Former SBI agent Duane Deaver showed a strong bias for the prosecution early in his career, according to SBI documents introduced in the Michael Peterson hearing today.

Peterson, a Durham novelist convicted of the 2001 murder of his wife, has said he deserves a new trial because Deaver, a key expert witness at his 2003 trial, had a history of tailoring his testimony to whatever the prosecution wanted him to say.

A training document from 1988 lent support to that theory this morning. That year, Deaver and Michael Budzynski, a fellow scientist at the State Bureau of Investigation crime lab, went through a mock court training session. The agents reviewed a set of facts and testified as if they were in court, subject to direct and cross examination.

According to the SBI evaluation by Mark Nelson, their supervisor, Budzynski has a number of strengths, including the observation that he presented the material impartially. Deaver won points for good public speaking and comfort in front of an audience. One of his weaknesses: “A strong bias toward the prosecution.”

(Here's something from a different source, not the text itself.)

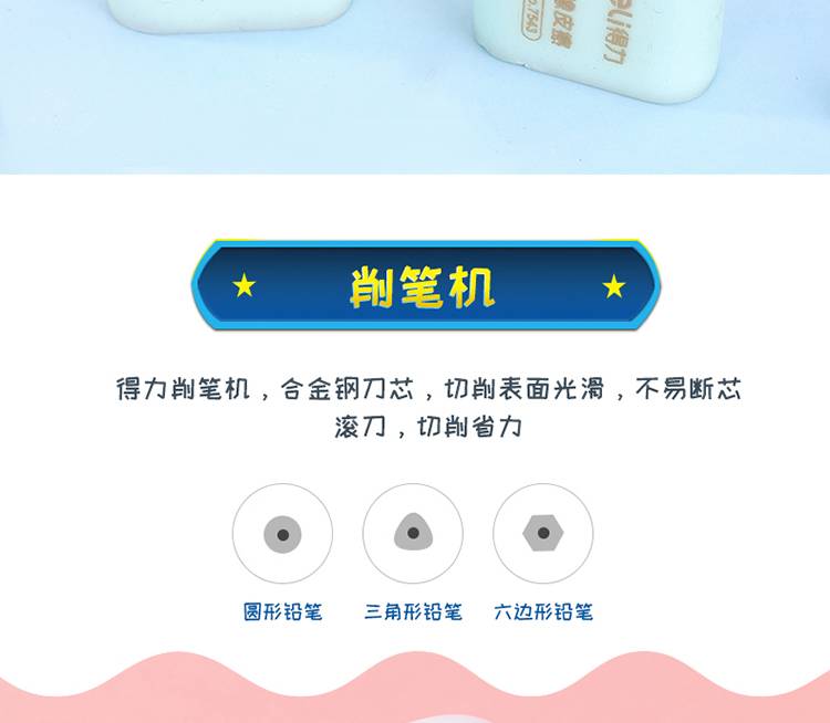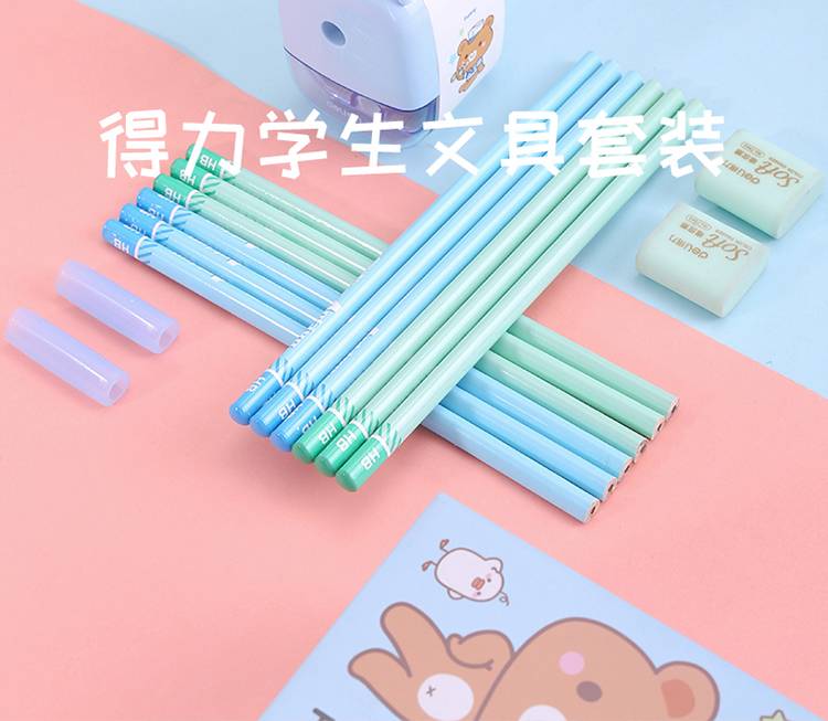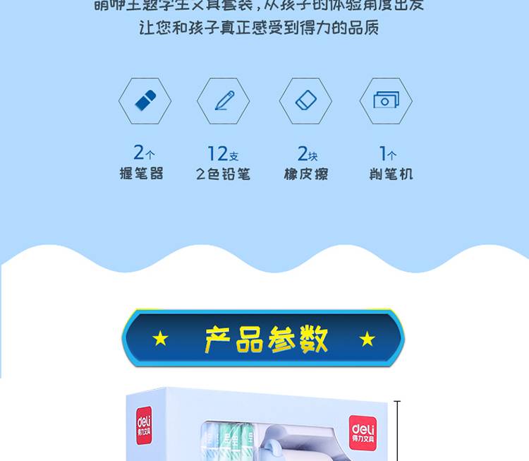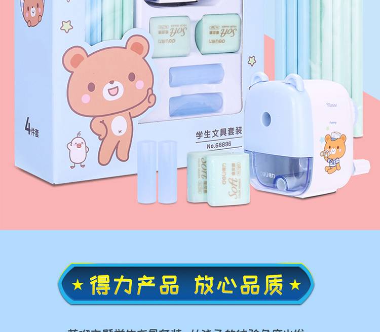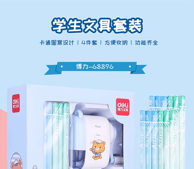DELI 68896 萌咿系大礼包 铅笔 卷笔刀 橡皮 握笔器 学习文具17件套 蓝色

The pro-prosecution bias was a huge concern for Tim Palmbach, a lawyer and forensic scientist who chairs of the forensic science department at the University of New Haven and the former director of the Connecticut State Crime lab. Palmbach, who testified as a defense witness in Peterson’s 2003 trial, said he was alarmed by the report that Deaver, an expert witness, had a pro-prosecution bias.

“They have a horse in the race,” Palmbach testified today. “The expert coming into a courtroom shouldn’t care about the results, whether it’s guilt or innocence.”

Kathleen Peterson, a Nortel Networks executive, died in a pool of blood at the bottom of a blood spattered staircase in the Peterson’s Forest Hills mansion in December 2001. The case was nationally televised and was the subject of books, documentaries and a feature film.

Deaver was a critical witness in the case. Jurors have said his testimony was critical to their deliberations and verdict, and in particular his opinion that a blood stain in the crotch of Peterson’s shorts could only have been put there during an assault.

Over the past two years, a stream of damaging information has emerged about Deaver: -- the exoneration of a Wake County man based in large part on Deaver's work in the case; -- a damning audit by former senior FBI officials; -- the suspension and disbanding of a bloodstain analysis team that Deaver trained and led; and -- a finding by a federal judge that Deaver gave misleading testimony in a 1993 murder case.

Read more about this hearing and prior trials involving Deaver with the Related Content links on the right side of this page.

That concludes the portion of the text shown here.